There ended the positives, however.  Sauce Hollandaise is a delicate, difficult to make (at least properly) item when you are in a restaurant, as you clearly cannot make it to order, and thus have to make sure it lasts properly.  That said, if your sauce breaks, do not serve it.  I would rather wait for you to make more and/or fix the sauce than get a runny, melted butter looking (and tasting) sauce that does not even resemble what it is intended to be.  The meal was good, but that was in spite of the Hollandaise, and quite frankly, I cannot believe that a restaurant of this quality would let something that clearly wrong go out to the table.  It cannot be that no one noticed; it was the first thing I saw when the plate was put down in front of me, and was completely obvious. 

Service was good; attentive but not annoying, and the waitress was there to refill our coffees and waters before either cup ever went dry.  I do not know if they could keep that up if the place was full, but considering how small it is, it would not surprise me.

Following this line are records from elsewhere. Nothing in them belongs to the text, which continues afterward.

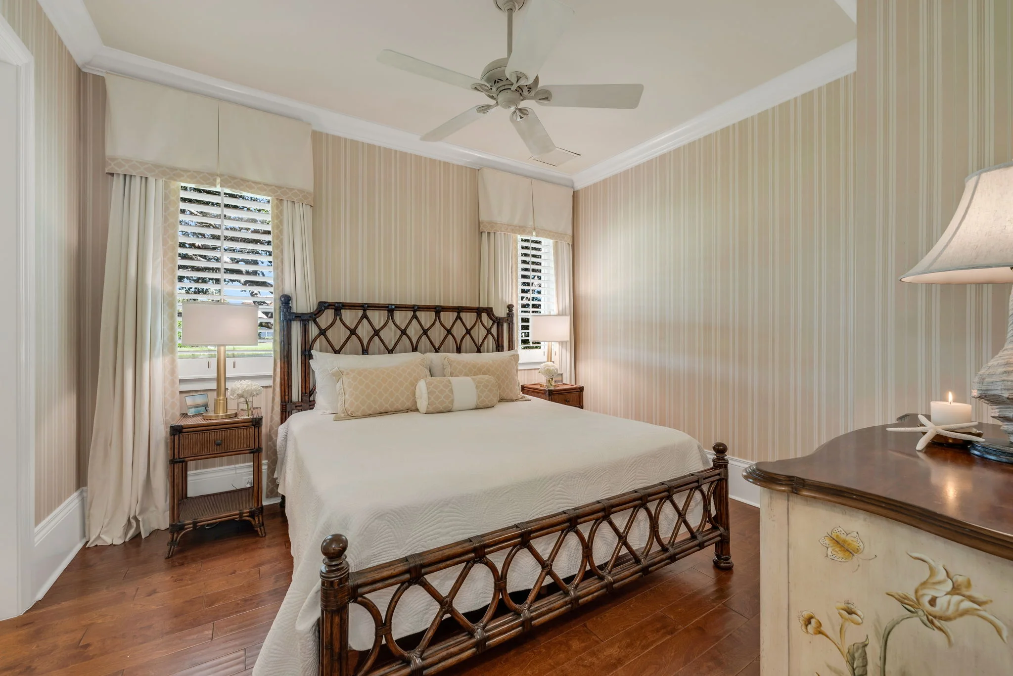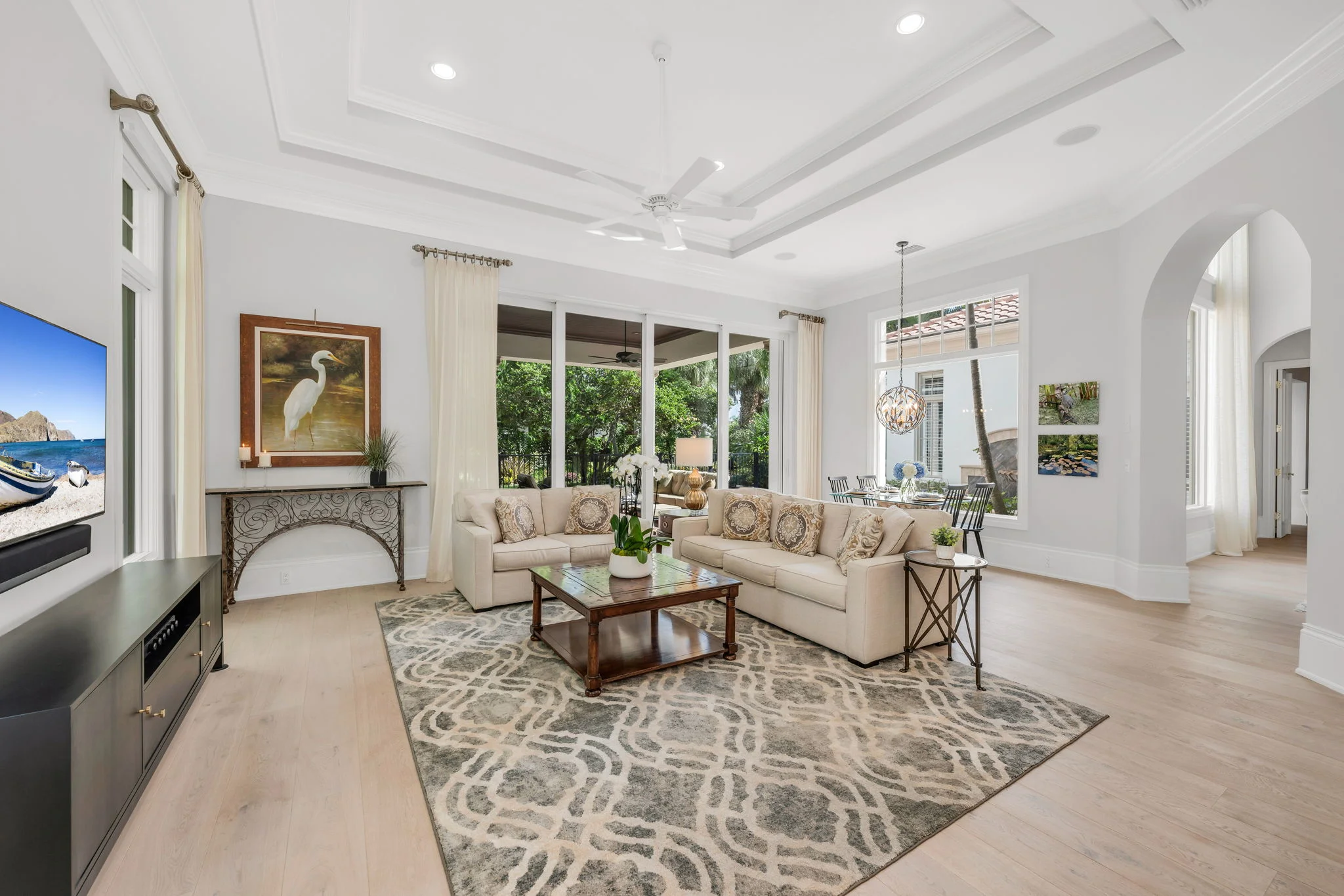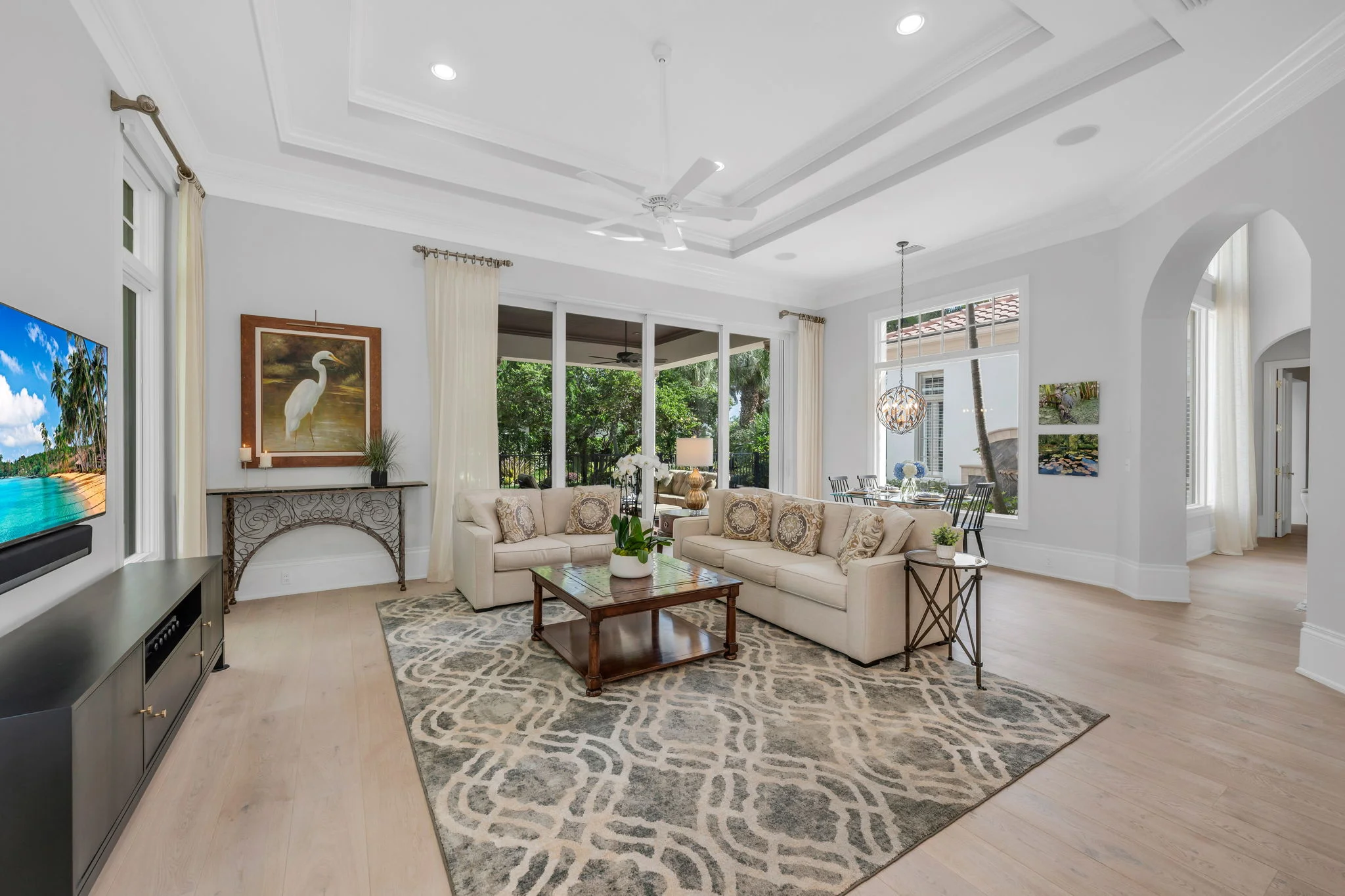 Perfectly positioned on one of the most desirable homesites in Grey Oaks’ sought-after Torino enclave, this elegant two-story residence captures the essence of refined Naples living. Set on a rare corner lot surrounded by lush tropical landscaping, the home enjoys panoramic lake views and a private, garden-like setting that feels both serene and secluded—yet just moments from the heart of the Club. Built in 2007 and thoughtfully transformed with timeless updates, this 3,950-square-foot residence (4,922 total) offers an ideal balance of sophistication and comfort. The open layout includes 4 bedrooms plus an office, and 4 full + 1 half baths, blending indoor elegance with effortless outdoor living. Wide-plank white oak floors lend warmth and texture to the main living areas and the first-floor primary suite, while walls of glass fill the interiors with natural light and frame views of water, sky, and lush greenery. At the heart of the home, a stunning remodeled kitchen showcases sleek cabinetry, designer lighting, and professional-grade appliances. The large island invites gathering with family and friends, while the adjacent dining and living spaces flow naturally to the lanai—where everyday moments transform into something extraordinary. Step outside, and the lanai opens to what feels like your own private botanical garden: a tranquil oasis where colorful blooms and graceful palms sway in the breeze, mirrored in the calm waters of the lake beyond. It’s a setting that invites morning coffee al fresco, sunset cocktails with friends, or quiet reflection surrounded by nature’s beauty. The spacious primary suite offers a private retreat with tranquil garden views, dual closets, and a spa-inspired bath designed for relaxation. Three generous guest suites—two upstairs and one on the main level—ensure that family and guests enjoy comfort and privacy. Additional highlights include impact-resistant windows and doors throughout, natural gas, and a two-car attached garage with the opportunity to add a golf cart garage to the front office. Every element of this residence was designed for ease, elegance, and connection to its surroundings. Living in Grey Oaks means enjoying world-class amenities, including three championship golf courses, an elegant clubhouse, resort-style pool, tennis, pickleball, and a state-of-the-art wellness center—set within a lush, guard-gated community just minutes from Naples’ white-sand beaches and Fifth Avenue’s fine dining and boutiques. This remarkable Torino residence represents more than a home—it’s a private sanctuary where architecture, nature, and lifestyle come together in perfect harmony. Experience the beauty, tranquility, and prestige of Grey Oaks living at its finest.
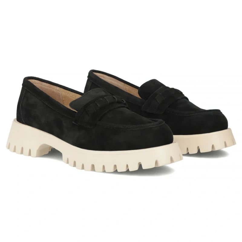 Skórzane półbuty damskie zamszowe lordsy czarne Filippo DP7554
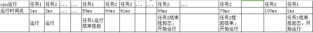 假如,任务1的延时时间是100ms,程序需要运行30ms,任务2的延时时间是50ms,程序需要运行40ms。那么cpu先在前60ms,间隔运行任务1、任务2,每次运行1ms,60ms后,任务1已经运行完毕,进入挂起态。任务2继续运行,运行到70ms后,任务2也运行完毕,进入挂起态,之后到80ms后重新运行任务2。
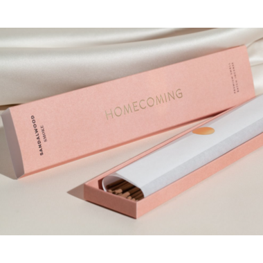 Homecoming incense is made from pressed wood and infused in-house using a blend of premium essential oils, phthalate-free fine fragrance, and dipropylene glycol, a synthetic base commonly found in body care and home fragrance products.Incense is hand-dipped and hand packaged in Vancouver, B.C, and every box contains 20 hours of sensory bliss.
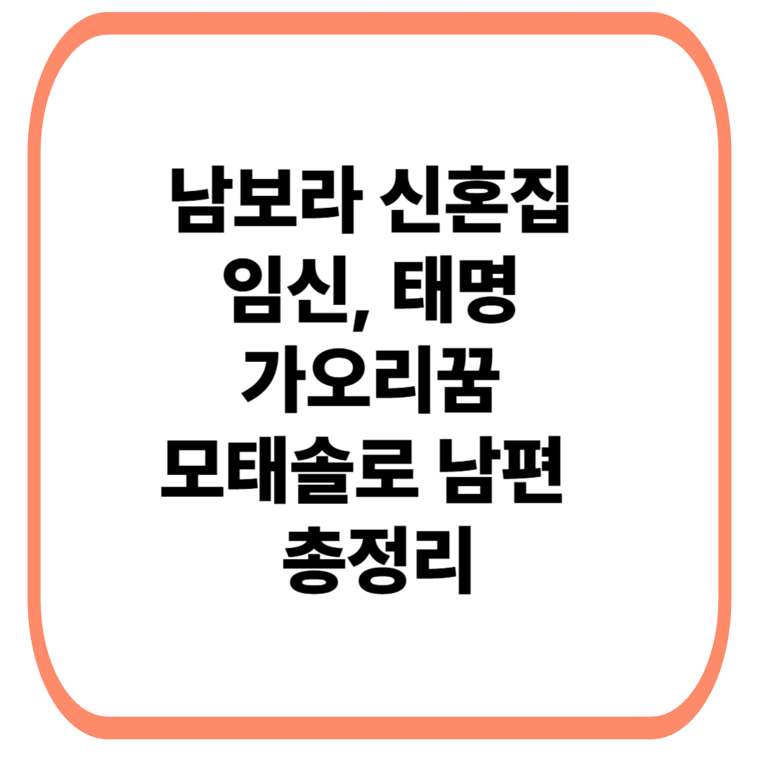 이 글에서는 남보라의 신혼집 정보, 임신 주차, 태몽, 남편 반응, 직업 정보 등을 한눈에 정리해드립니다.
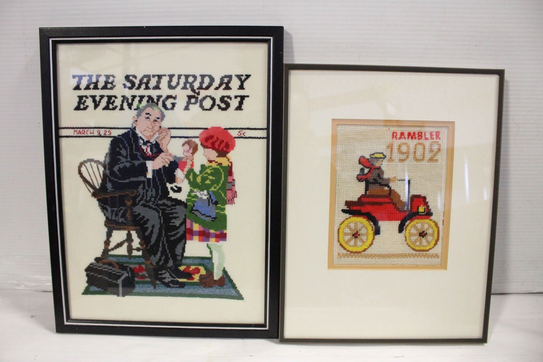 VINTAGE FRAMED CROSS STITCH- LOT OF 2
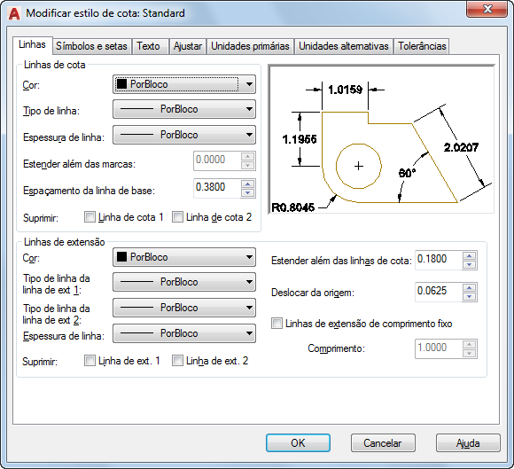 Define o formato e as propriedades das linhas de cota, linhas de extensão, pontas de seta e marcas de centro.
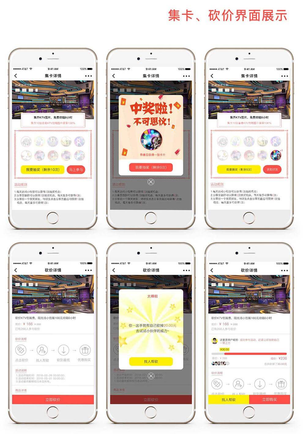 KTV微信小程序支持砍价、集卡、预约,商城。可预订任何包厢、酒水零食,所消费的总额可获得积分,积分兑换礼品,用户自定义;可以查看歌友发布的K歌信息,喜欢,评论,发布,互动交流...... 当前版本为连锁店版(商家手机端后台、店长手机端后台、服务生手机端后台)!
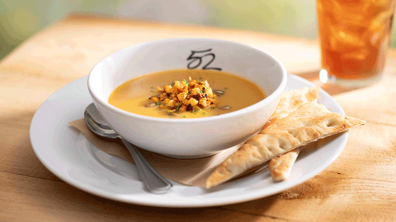 As soon as August, chain establishments begin embracing the fall spirit and unveiling fresh lineups teeming with seasonal fare. Sweet tastes of pumpkin, apple, cinnamon, maple, and pecan pop up relentlessly in breakfast plates, desserts, and even beverages. At the same time, there's an alternative world of savory autumnal meals coming to light, featuring in-season ingredients like mushrooms, onions, Brussels sprouts, carrots, arugula, and butternut squash. Plus, don't get us started on the influx of hearty soups and stews like quintessential cups of chili.
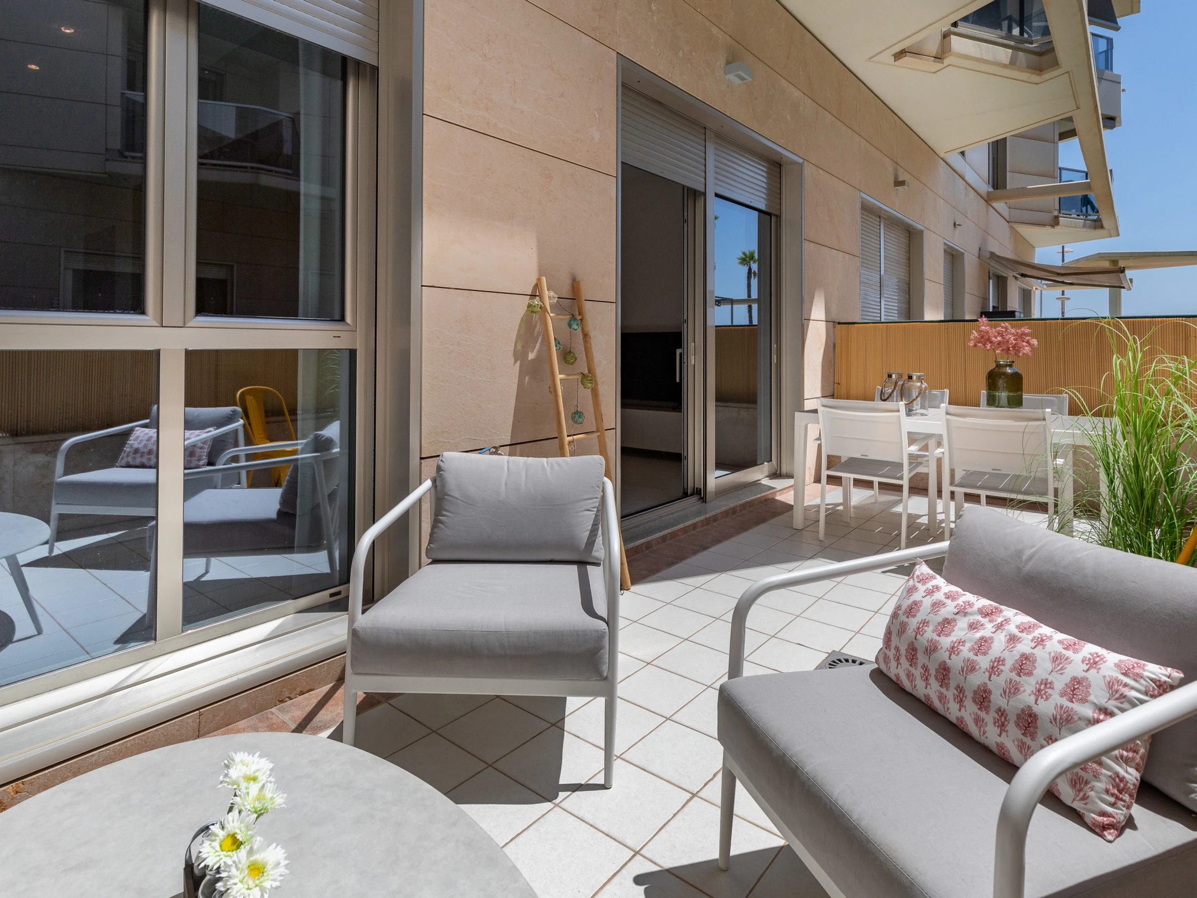 - Amplia terraza lateral al mar equipada con mesa y 4 sillas y zona de relax con sillones.
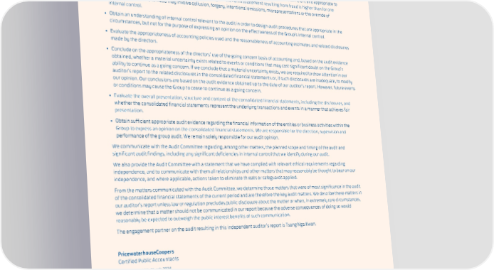 SWIRE PROPERTIES ANNUAL REPORT 2023 As part of an audit in accordance with HKSAs, we exercise professional judgement and maintain professional scepticism throughout the audit. We also: • Identify and assess the risks of material misstatement of the consolidated financial statements, whether due to fraud or error, design and perform audit procedures responsive to those risks, and obtain audit evidence that is sufficient and appropriate to provide a basis for our opinion. The risk of not detecting a material misstatement resulting from fraud is higher than for one resulting from error, as fraud may involve collusion, forgery, intentional omissions, misrepresentations or the override of internal control. • Obtain an understanding of internal control relevant to the audit in order to design audit procedures that are appropriate in the circumstances, but not for the purpose of expressing an opinion on the effectiveness of the Group’s internal control. • Evaluate the appropriateness of accounting policies used and the reasonableness of accounting estimates and related disclosures made by the directors. • Conclude on the appropriateness of the directors’ use of the going concern basis of accounting and, based on the audit evidence obtained, whether a material uncertainty exists related to events or conditions that may cast significant doubt on the Group’s ability to continue as a going concern. If we conclude that a material uncertainty exists, we are required to draw attention in our auditor’s report to the related disclosures in the consolidated financial statements or, if such disclosures are inadequate, to modify our opinion. Our conclusions are based on the audit evidence obtained up to the date of our auditor’s report. However, future events or conditions may cause the Group to cease to continue as a going concern. • Evaluate the overall presentation, structure and content of the consolidated financial statements, including the disclosures, and whether the consolidated financial statements represent the underlying transactions and events in a manner that achieves fair presentation. • Obtain sufficient appropriate audit evidence regarding the financial information of the entities or business activities within the Group to express an opinion on the consolidated financial statements. We are responsible for the direction, supervision and performance of the group audit. We remain solely responsible for our audit opinion. We communicate with the Audit Committee regarding, among other matters, the planned scope and timing of the audit and significant audit findings, including any significant deficiencies in internal control that we identify during our audit. We also provide the Audit Committee with a statement that we have complied with relevant ethical requirements regarding independence, and to communicate with them all relationships and other matters that may reasonably be thought to bear on our independence, and where applicable, actions taken to eliminate threats or safeguards applied. From the matters communicated with the Audit Committee, we determine those matters that were of most significance in the audit of the consolidated financial statements of the current period and are therefore the key audit matters. We describe these matters in our auditor’s report unless law or regulation precludes public disclosure about the matter or when, in extremely rare circumstances, we determine that a matter should not be communicated in our report because the adverse consequences of doing so would reasonably be expected to outweigh the public interest benefits of such communication. The engagement partner on the audit resulting in this independent auditor’s report is Tsang Nga Kwan. PricewaterhouseCoopers Certified Public Accountants Hong Kong, 14th March 2024 141

So, all in all, how did I feel about this meal?  The best answer I can give is, I don't know.  I liked all but one element of the entire experience, but it was a key to the dish.  In fact, while Eggs Benedict is recreated with all sorts of strange ingredients, two things remain constant; the poached eggs and the Sauce Hollandaise.  Failing on one of those two items is difficult to look past, but the remainder of the meal was so good that I really want to.  I think I would have to try the place again, and probably the same dish again, to really form a solid opinion, but I could neither recommend nor discourage going to The Blue Spoon to anyone based off that meal.